Mechanism of ethylene oxychlorination on RuO2 and CeO2
The manufacture of polyvinyl chloride (PVC) relies on the production of vinyl chloride (VCM) via a two-step process comprising ethylene oxychlorination to ethylene dichloride (EDC) on intrinsically unstable cupric chloride catalysts and a subsequent energy-intensive thermal cracking. Recently, we demonstrated that certain oxides or oxychlorides (e.g., CeO2) could serve as stable bifunctional catalysts, performing the two reactions in a single step and attaining VCM in up to 25% yield.1,2 To gain deeper understanding of the oxychlorination mechanism, we investigate the complex reaction network by density functional theory (DFT), kinetic testing, and advanced characterization. In a first step, decoupling the complexity of the reaction network and CeO2, DFT calculations were conducted on the simpler RuO2, revealing the thermodynamic and kinetic control of oxidation and chlorination processes, respectively. Furthermore, the degree of chlorine coverage emerged as a key factor governing the selectivity, as it confines or destabilizes intermediates and determines the ability of the surface to abstract H atoms. This enabled simplification of the reaction network (Figure 1) for its investigation on a CeO2 {111} surface in a second step. Preliminary results suggest that an ideal CeO2 surface is unable to catalyze oxychlorination as the barriers for all important chlorination and dehydrogenation steps are 1.7 eV and higher. The introduction of defects, i.e., by replacing a surface O by a Cl atom which can react and form a vacancy, leads to at least 0.5 eV decreased barriers for most chlorination reactions. Inspired by these results, we are developing a microkinetic model and experimentally assessing the impact of vacancies formed by controlled reduction of CeO2 on its oxychlorination performance. Previously, acidity was shown to be strongly related to VCM selectivity,1,2 but the exact nature of the sites remained unknown. DFT indicates that ceria acts as a Brønsted and Lewis acid/base pair, encouraging the investigation of the acid sites by solid-state NMR spectroscopy after adsorption of the probe molecule trimethylphospine. The combination of these results will reveal the detailed mechanism of ethylene oxychlorination on oxide-based catalysts and guide the development of more selective VCM catalysts.

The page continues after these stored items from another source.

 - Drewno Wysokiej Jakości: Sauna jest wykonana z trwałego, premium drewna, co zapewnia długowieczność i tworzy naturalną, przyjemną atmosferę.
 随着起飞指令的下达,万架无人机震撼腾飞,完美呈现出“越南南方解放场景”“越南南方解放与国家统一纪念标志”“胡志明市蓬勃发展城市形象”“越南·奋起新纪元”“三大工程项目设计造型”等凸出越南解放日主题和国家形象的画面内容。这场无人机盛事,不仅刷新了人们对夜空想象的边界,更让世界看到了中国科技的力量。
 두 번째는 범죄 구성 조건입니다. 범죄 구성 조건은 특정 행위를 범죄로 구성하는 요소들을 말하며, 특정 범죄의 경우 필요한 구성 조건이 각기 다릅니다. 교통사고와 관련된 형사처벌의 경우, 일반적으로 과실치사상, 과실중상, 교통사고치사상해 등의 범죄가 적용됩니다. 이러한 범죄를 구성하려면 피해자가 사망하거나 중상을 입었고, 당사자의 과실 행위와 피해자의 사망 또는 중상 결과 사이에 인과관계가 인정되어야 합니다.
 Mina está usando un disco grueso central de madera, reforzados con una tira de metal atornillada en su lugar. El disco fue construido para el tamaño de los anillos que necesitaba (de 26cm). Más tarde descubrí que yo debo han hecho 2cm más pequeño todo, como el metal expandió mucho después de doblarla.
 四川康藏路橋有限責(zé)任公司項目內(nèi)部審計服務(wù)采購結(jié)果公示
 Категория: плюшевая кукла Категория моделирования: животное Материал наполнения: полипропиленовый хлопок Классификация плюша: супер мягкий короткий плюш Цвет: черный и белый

Figure 1 Simplified reaction network of ethylene oxychlorination, excluding oxidation steps which can start at any node.
[1] M. Scharfe, P. A. Lira-Parada, V. Paunović, M. Moser, A. P. Amrute, J. Pérez-Ramírez, Angew. Chem. Int. Ed. 2016, 55, 3068.
[2] M. Scharfe, P.A. Lira-Parada, A. P. Amrute, S. Mitchell, J. Pérez-Ramírez, J. Catal. 2016, 344, 524.